Así describía la psicoanalista y escritora brasileña Sueli Rolnik su participación en Baba antropofágica, en las sesiones
que, dedicadas al trabajo de la artista Lygia Clark, se desarrollaron como preparación a su retrospectiva en la XXII
Bienal de Sao Paulo.
Rolnik era la persona tendida en el suelo. Puede que fuera su conciencia indirecta de psicoanalista recostada sobre el
diván lo que produjo en ella esa fuerte perturbación. Aunque, si por un instante nos imagináramos allí, con los ojos
cerrados, sintiendo esos hilos llenos de saliva que bocas a nuestro alrededor expulsan sin cesar, deseando que acabe
la experiencia, que dejen de vomitar sobre nosotros, para luego darnos cuenta de que esas mismas manos, que
colaboraban voluntariamente para desenrollar las bobinas de colores, se iban a enzarzar en una especie de pelea por
romper unos hilos imposibles de quebrar… Si nos imagináramos en esa situación, con toda probabilidad, y aunque
nosotros sí que estemos acostumbrados a ser los que nos tumbamos en el diván, también nos sentiríamos sumamente
desconcertados.
Lygia Clark, Baba antropofágica, 1973.
“Te envío una foto de un trabajo que llamo Baba antropofágica”, le decía Clark a su gran amigo y también artista
brasileño Hélio Oiticica en una de sus múltiples cartas. “Una persona se estira en el suelo. Alrededor suyo los jóvenes
que están arrodillados se ponen en la boca un carrete de hilo de varios colores. Empiezan a estirar con la mano el hilo
que cae sobre la persona acostada hasta vaciar el carrete. El hilo sale lleno de saliva y la gente que lo estira empieza a
sentir simplemente que está estirando un hilo, pero enseguida tiene la percepción de que está tirando el propio vientre
hacia el exterior. Es, sobre todo, la fantasmática del cuerpo lo que me interesa y no el cuerpo en sí. Después, las
personas se enzarzan con esa baba y ahí empieza una especie de lucha que es el défoulement para romper la baba,
acto realizado con agresividad, euforia y alegría e incluso dolor, porque los hilos son demasiado duros para ser rotos. Al
acabar pido el vécu, que es lo más importante, y así me voy enriqueciendo a través de la elaboración del otro.” (1997:
228)
En 1973, año en el que realiza esta obra, o “proposición” como ella prefería denominarla, Lygia Clark ya había
renunciado a su “condición de artista”, o eso nos había querido hacer creer. Las “obras de arte” –en tanto que objetos
artísticos- hacía tiempo que habían dejado de ser importantes en sí mismas. Lo fundamental no era crear un objeto que
mantuviera y preservara su aura e indirectamente la del artista, sino realizar “proposiciones”. Para Lygia, ese era el
nuevo papel que debía jugar el artista, alejándose, y renunciando a ese lugar privilegiado al que había conseguido
acceder. Un lugar que a Lygia no le interesaba nada, un lugar habitado por seres románticos que se negaban a
renunciar a su condición de “creadores semidivinos”. El artista, a partir de ahora, debía dedicarse a provocar situaciones
que ayudaran al espectador a liberarse. Podríamos aventurarnos a afirmar que, en cierto modo, el artista había
abandonado su parte creadora (o por lo menos en su aspecto más tradicional): no sólo había dejado atrás la creación o
manipulación artesanal, sino que ni siquiera debía ya presentar proyectos para que estos fueran posteriormente
ejecutados. El artista ahora realizaba proposiciones para que fueran otros las que las experimentaran. Y lo que es más
importante, para Clark esa experiencia no se limitaba al campo estético, sino que se inmiscuía en el amplio terreno de la
vida. Lygia buscaba, como acabamos de decir, la liberación del espectador a través de la experiencia que tenía lugar
cuando esas proposiciones se desarrollaban.
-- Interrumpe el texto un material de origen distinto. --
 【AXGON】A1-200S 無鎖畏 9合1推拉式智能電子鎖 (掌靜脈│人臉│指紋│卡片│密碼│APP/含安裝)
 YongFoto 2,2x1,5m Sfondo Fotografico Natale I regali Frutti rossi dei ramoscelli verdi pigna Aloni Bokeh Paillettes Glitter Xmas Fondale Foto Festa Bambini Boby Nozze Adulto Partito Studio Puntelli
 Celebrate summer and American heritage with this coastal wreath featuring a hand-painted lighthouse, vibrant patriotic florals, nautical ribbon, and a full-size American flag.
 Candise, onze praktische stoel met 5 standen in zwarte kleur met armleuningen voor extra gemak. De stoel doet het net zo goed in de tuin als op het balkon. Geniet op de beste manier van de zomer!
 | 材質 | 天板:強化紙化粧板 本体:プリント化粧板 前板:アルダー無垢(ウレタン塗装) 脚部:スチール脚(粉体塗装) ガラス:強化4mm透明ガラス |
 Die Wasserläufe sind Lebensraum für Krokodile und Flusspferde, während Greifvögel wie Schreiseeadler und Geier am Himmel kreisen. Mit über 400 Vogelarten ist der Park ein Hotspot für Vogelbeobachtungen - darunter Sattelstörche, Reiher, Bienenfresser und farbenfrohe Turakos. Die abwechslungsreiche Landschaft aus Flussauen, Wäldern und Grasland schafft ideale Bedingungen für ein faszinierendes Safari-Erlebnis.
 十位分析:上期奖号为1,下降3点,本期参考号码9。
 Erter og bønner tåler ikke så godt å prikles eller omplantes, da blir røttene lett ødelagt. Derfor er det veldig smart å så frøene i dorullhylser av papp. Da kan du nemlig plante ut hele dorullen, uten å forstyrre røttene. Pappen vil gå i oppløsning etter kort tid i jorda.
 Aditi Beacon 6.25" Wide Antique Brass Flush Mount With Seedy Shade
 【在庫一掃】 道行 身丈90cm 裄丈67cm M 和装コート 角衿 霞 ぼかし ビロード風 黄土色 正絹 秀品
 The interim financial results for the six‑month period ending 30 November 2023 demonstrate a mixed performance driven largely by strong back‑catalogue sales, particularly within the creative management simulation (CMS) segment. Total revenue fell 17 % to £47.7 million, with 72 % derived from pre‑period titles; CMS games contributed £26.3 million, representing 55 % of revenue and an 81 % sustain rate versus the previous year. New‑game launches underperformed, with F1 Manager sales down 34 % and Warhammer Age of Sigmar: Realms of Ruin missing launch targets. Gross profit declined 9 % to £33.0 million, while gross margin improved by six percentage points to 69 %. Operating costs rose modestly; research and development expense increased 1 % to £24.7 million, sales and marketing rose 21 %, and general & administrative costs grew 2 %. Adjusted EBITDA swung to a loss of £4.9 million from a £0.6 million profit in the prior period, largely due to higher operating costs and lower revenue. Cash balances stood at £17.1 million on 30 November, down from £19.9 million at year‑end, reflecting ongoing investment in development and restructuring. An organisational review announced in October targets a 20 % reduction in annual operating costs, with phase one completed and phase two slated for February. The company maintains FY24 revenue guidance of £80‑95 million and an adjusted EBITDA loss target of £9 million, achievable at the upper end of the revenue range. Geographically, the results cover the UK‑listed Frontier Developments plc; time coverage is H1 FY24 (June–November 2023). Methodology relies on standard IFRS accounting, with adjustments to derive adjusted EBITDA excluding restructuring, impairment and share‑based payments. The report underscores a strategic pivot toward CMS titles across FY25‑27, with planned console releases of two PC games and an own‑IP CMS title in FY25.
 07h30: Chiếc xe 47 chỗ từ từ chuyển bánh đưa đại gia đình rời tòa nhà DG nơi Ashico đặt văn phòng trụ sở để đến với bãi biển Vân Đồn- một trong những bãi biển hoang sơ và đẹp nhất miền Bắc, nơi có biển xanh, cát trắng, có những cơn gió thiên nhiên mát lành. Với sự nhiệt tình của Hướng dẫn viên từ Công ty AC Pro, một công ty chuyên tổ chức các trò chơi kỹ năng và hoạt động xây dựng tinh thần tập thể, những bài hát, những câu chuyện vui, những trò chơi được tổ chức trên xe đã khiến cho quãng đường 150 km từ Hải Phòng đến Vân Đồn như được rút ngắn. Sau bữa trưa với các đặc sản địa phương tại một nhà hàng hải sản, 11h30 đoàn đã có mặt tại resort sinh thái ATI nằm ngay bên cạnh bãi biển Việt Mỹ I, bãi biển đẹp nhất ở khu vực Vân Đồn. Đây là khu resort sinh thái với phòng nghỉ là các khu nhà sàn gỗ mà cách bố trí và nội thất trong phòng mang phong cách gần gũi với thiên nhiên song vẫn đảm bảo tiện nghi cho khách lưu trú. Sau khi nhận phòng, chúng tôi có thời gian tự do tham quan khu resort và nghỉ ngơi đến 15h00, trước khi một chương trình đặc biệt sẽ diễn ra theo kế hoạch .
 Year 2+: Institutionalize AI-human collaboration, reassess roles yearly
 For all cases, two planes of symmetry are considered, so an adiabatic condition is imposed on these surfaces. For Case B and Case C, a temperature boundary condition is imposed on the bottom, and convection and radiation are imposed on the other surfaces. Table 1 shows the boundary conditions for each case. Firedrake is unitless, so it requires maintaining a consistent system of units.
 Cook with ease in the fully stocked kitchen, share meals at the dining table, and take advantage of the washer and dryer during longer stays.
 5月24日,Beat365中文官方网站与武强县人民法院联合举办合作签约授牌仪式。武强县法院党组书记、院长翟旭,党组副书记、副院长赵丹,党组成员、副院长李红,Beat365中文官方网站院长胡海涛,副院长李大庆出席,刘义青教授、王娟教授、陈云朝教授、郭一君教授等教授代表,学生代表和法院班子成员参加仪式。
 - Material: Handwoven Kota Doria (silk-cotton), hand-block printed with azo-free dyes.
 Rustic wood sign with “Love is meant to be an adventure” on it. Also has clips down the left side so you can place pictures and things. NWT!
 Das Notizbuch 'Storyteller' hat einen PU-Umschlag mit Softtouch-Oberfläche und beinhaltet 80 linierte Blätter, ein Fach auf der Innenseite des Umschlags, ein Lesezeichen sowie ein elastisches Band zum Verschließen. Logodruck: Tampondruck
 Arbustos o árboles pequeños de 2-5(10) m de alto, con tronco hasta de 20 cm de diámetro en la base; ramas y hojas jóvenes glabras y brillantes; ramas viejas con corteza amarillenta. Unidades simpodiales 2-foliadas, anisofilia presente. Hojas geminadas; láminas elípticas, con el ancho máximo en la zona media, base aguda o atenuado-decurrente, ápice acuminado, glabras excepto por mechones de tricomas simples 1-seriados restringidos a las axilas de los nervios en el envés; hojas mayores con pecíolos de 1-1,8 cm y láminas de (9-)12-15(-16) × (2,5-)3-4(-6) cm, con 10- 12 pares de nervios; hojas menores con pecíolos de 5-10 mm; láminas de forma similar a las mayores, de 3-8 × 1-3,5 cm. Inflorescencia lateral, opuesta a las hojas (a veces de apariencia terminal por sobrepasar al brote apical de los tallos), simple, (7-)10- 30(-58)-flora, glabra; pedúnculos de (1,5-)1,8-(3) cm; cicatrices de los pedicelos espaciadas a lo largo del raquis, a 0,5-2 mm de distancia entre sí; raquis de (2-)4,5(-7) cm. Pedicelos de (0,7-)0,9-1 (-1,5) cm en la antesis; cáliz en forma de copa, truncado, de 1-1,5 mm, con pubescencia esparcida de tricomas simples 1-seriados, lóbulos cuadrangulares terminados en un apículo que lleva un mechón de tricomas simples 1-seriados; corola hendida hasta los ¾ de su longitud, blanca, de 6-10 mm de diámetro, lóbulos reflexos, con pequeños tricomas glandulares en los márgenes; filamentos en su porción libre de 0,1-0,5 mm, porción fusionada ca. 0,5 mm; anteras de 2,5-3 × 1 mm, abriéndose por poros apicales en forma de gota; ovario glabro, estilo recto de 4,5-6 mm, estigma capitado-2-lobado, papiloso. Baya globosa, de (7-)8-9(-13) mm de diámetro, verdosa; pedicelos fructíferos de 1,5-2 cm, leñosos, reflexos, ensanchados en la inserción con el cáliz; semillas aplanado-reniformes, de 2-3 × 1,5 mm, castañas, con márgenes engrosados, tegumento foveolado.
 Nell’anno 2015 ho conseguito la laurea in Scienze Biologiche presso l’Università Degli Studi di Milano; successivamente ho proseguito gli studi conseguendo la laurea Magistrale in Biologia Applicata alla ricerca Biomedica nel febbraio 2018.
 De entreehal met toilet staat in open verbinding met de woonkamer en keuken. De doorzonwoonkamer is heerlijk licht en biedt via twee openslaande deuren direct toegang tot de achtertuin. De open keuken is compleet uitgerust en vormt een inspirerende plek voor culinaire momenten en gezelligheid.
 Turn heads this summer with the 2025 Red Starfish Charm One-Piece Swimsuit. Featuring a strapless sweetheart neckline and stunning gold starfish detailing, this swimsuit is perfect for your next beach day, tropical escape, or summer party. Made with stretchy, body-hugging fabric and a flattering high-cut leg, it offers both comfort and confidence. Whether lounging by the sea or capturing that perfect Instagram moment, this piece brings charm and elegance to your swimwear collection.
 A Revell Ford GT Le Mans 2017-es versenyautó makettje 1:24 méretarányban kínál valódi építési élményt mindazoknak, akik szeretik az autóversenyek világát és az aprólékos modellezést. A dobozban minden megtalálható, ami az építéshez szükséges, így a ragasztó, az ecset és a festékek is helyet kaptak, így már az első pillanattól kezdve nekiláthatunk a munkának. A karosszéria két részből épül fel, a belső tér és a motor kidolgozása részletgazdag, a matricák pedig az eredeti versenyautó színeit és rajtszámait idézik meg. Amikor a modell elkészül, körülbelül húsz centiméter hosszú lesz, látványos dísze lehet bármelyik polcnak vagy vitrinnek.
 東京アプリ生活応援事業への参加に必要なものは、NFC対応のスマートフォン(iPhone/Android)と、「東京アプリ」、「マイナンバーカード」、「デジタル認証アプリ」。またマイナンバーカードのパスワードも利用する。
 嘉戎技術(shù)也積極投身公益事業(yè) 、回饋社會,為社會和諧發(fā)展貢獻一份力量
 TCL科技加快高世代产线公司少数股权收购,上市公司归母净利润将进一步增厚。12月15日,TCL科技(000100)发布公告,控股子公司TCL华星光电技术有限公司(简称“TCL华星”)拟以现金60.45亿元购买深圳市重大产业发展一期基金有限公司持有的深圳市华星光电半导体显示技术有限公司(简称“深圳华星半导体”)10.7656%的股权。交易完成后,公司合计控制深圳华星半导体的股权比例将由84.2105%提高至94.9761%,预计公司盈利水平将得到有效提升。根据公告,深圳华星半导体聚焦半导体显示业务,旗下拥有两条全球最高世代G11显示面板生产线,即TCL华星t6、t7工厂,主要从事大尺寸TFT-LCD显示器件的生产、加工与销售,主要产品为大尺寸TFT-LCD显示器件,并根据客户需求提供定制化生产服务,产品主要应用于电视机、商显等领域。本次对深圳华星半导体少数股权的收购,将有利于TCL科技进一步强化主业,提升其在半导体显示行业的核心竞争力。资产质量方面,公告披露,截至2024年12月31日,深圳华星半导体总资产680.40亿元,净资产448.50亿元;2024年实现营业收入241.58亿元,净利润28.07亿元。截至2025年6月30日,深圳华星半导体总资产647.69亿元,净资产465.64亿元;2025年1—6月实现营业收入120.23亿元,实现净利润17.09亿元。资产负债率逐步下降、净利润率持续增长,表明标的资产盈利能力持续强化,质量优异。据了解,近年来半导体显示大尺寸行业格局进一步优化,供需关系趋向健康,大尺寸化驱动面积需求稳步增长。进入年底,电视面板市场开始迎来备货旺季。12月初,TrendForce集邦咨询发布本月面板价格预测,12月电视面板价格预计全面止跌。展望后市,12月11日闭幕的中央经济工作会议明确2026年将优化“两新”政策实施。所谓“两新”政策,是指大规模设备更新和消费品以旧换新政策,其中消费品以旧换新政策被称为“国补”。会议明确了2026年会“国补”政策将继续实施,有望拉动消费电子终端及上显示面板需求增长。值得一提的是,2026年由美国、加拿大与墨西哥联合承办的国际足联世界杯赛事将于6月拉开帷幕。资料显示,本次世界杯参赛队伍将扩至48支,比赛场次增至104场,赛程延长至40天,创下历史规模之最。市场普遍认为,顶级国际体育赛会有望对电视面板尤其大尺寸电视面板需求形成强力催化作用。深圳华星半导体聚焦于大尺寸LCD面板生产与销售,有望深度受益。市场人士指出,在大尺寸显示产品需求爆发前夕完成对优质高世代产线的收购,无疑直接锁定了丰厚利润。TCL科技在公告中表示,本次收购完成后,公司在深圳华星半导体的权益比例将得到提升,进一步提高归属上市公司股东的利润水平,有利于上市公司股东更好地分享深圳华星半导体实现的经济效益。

Baba antropofágica es creada en una etapa en la que la artista se encontraba inmersa en un período de intensa
experimentación con sus estudiantes parisinos, en un período en el cual habían llegado a lo que ella llamaba Cuerpo
colectivo que, en última instancia, “es un intercambio entre la gente y su psicología íntima. Este intercambio no suele ser
agradable. La idea es que la persona que participa en la propuesta ‘vomita’ experiencia vital. Los demás participantes
tienen que tragarse ese ‘vómito’, e inmediatamente vomitan, a su vez, su propio contenido íntimo.” (1997: 28)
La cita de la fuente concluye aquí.